ハートの素晴らしさ

損してもいい

損のススメっていろんな人が言ってますよね。

たとえば心屋仁之助さんが「損してもいい」とよくおっしゃっていますね。

損をする選択ってすごいことです。
なぜなら私たちのエゴに反するから。

エゴに反する行動がエゴを弱める

エゴはその特性上、得を求めます。
これはごく当たり前でエゴは生きるための防衛メカニズムなので行動原理が損得、有利不利、勝ち負けなのです。

ここでは詳しいメカニズムを説明することは省きますが、私たちの苦しみはエゴの肥大によるもので、過剰な防衛メカニズムを弱めることが欠かせません。

この仕組みは本「本当は傷つきやすい人たちへ」に書いています

そのためにもエゴの行動原理から反することをやることが一つのやり方になります。

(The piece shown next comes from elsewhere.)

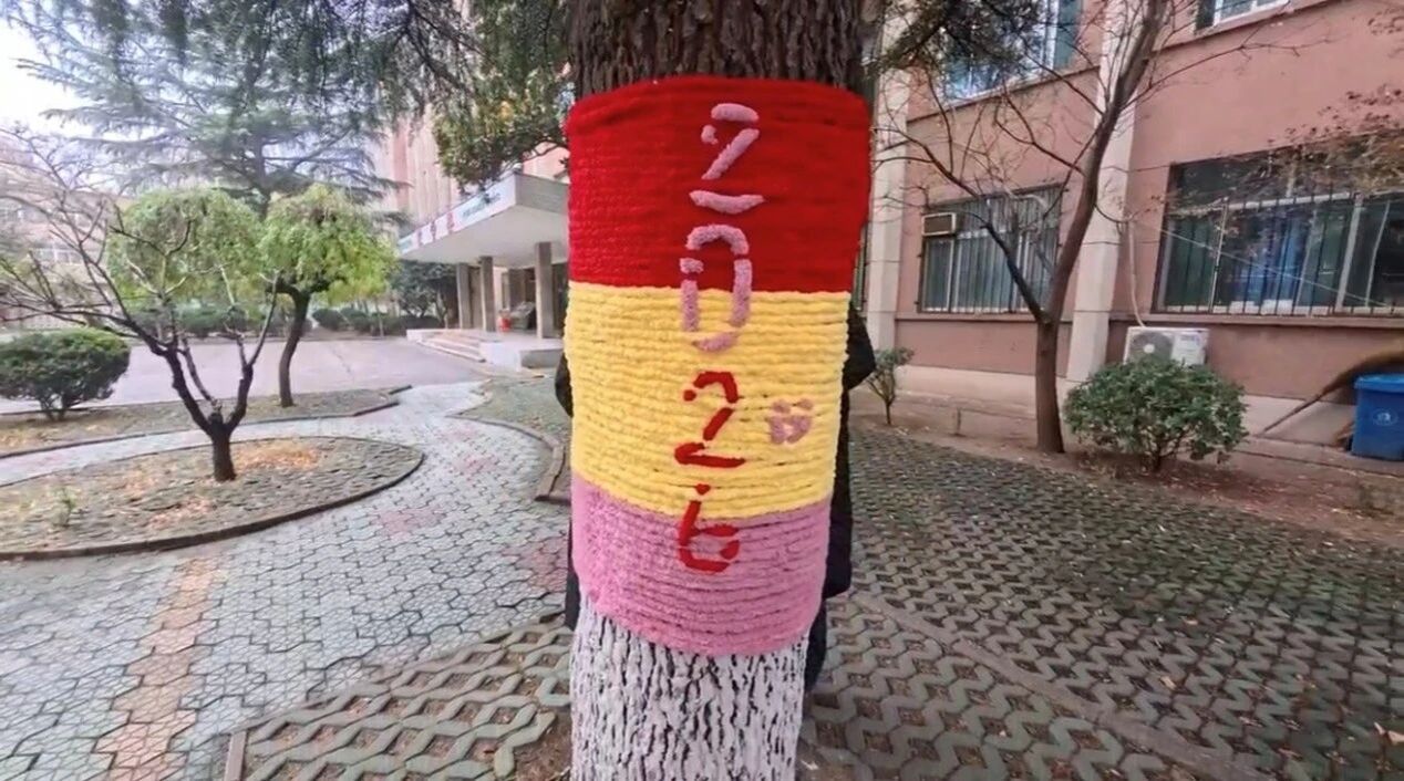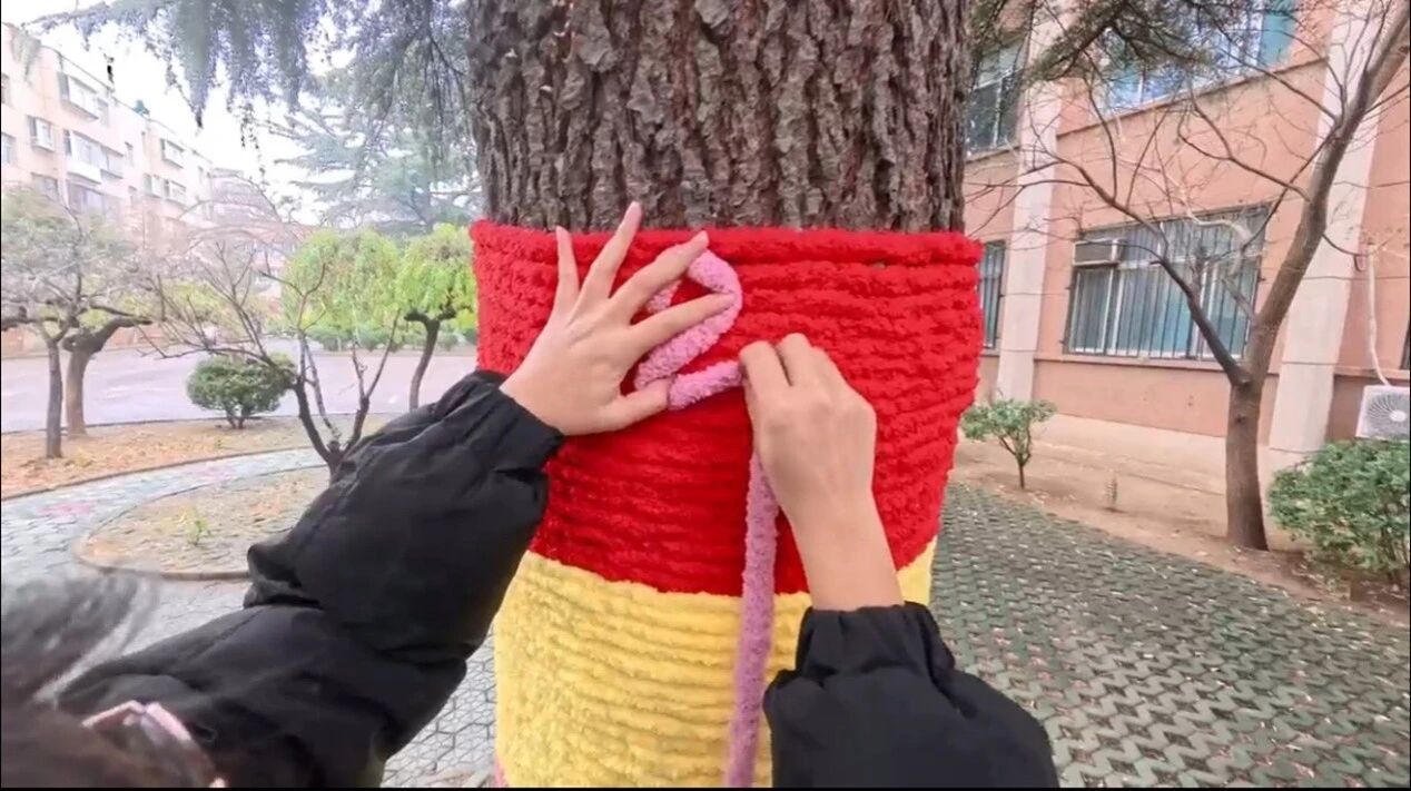 暖阳之下,躬身筑暖。活动当日在教学楼前,同学们分组协作,先取朱红、鎏金、柔粉三色毛线,循着树干肌理细细缠绕。朱红似元旦檐角的灯笼,灼映岁末欢悦;鎏金若晴日散落的碎光,驱散冬日清寒;柔粉如枝头初萌的花苞,漾着青春温婉。三色丝线经纬交错、层叠缠绕,既为遒劲枝干增添冬日暖意,又在光影流转间晕染出灵动雅致的色彩纹路。更有巧思学子撷取彩线,以朱红衬底作骨、鎏金勾边塑形、柔粉点缀其间,编缀出棱角分明的“2026”字样,让新岁印记与草木生机浑然相融。
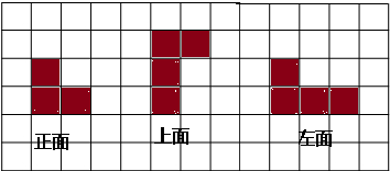 分析:观察图形可知,这个图形一共有2层,下层有4个正方体,上层有一个正方体;从正面看,有2列,左列是2个正方形,右列1个正方形;从上面看,看到的是2列,左列3个正方形,右列最上方一个正方形;从左面看,看到的是2层,下层3个正方形,上层靠左边1个正方形,由此即可画图.

専門的に言えば行動療法アプローチと言えるでしょう。

これは実際にやれば絶大な効果を発揮するでしょう。
自分にとって損だと思っていたものが、実際にはそうでなかったことに気づき、抑圧が緩みます。
いわゆる悪、影、闇の受容となり、結果的に意識が拡大します。
スピ的に言えば波動が高まります。

エゴに反する難しさ

しかし、このやり方の難しい点は、損をする行動を起こそうとするまでのハードルの高さです。

普通に考えれば損をしようとするわけがありません。

そこでしぶしぶ、損をすることがいかによいかをチラつかせます。
しかし、これは諸刃の剣であり、得をするために損をするということであれば、損得の枠組みから何も変わらないことになります。

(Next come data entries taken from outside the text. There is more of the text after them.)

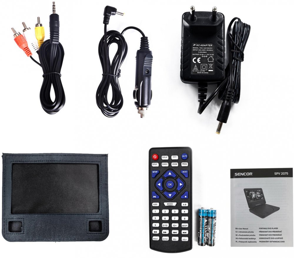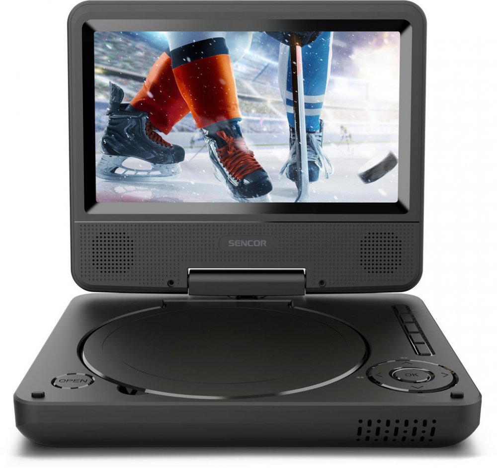 Přenosný DVD přehrávač - 7" LCD displej (800×480) • Přehrává DVD/CD/MP3/JPEG/MPEG-4/XviD • USB a SD slot (až 32 GB) • Vestavěné stereo reproduktory • Dolby Digital • Baterie 1000 mAh – výdrž až 3 h • AV vstup/výstup, sluchátka • Autonabíječka ovladač
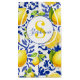 This blue and white lemon tile design brings a fresh, timeless aesthetic to any space. Inspired by classic Mediterranean and European tile patterns, it features vibrant yellow lemons layered over intricate blue floral motifs for a bright yet balanced look. The citrus elements add warmth and character, while the traditional color palette keeps the design elegant. This lemon inspired design is perfect with the addition of the customizable name and monogram.
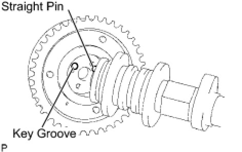 (b) Put the camshaft timing gear and camshaft together by aligning the key groove and straight pin.
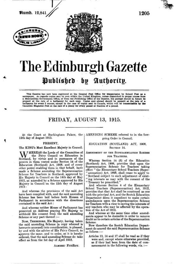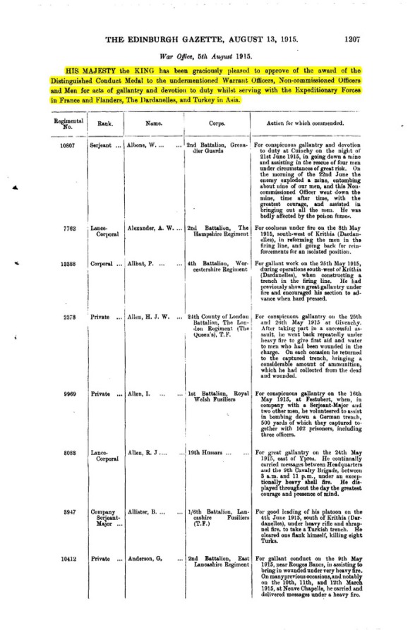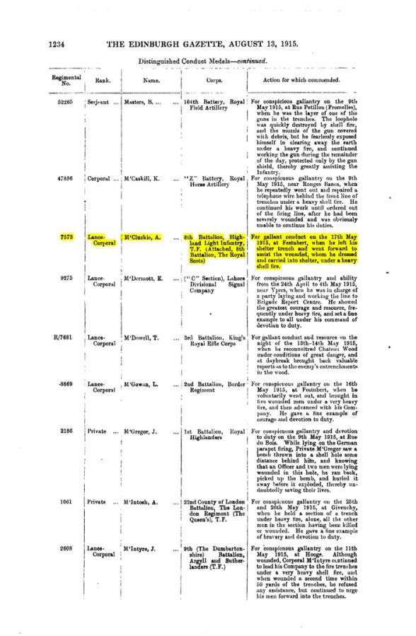 The Edinburgh Gazette No 12841 of 13th August, 1915, page No 1234.

ゆえに、損をすることのメリットをできるだけ伝えないようにします。
しかし、それでは行動しないのでこれがジレンマとなります。

心屋さんが解くことに意義がある

心屋さんが損をすることを解くのは私は素晴らしいと思っています。
なぜなら影響力があるからです。

影響力がある人であれば、「いいから、四の五の言わず、やってみんかい!」で多くの人がやってみると思うんですね。
あの人が言うのなら間違いないからとりあえずやってみようと。
すると、何も考えてない人ほど恩恵を受けるわけです。
下手な理屈を考えて行動しない人ほど何も変わりません。

私は心屋さんほど影響力がないので、損をしなさいというアプローチは取りません。というか、取りたくても取れません。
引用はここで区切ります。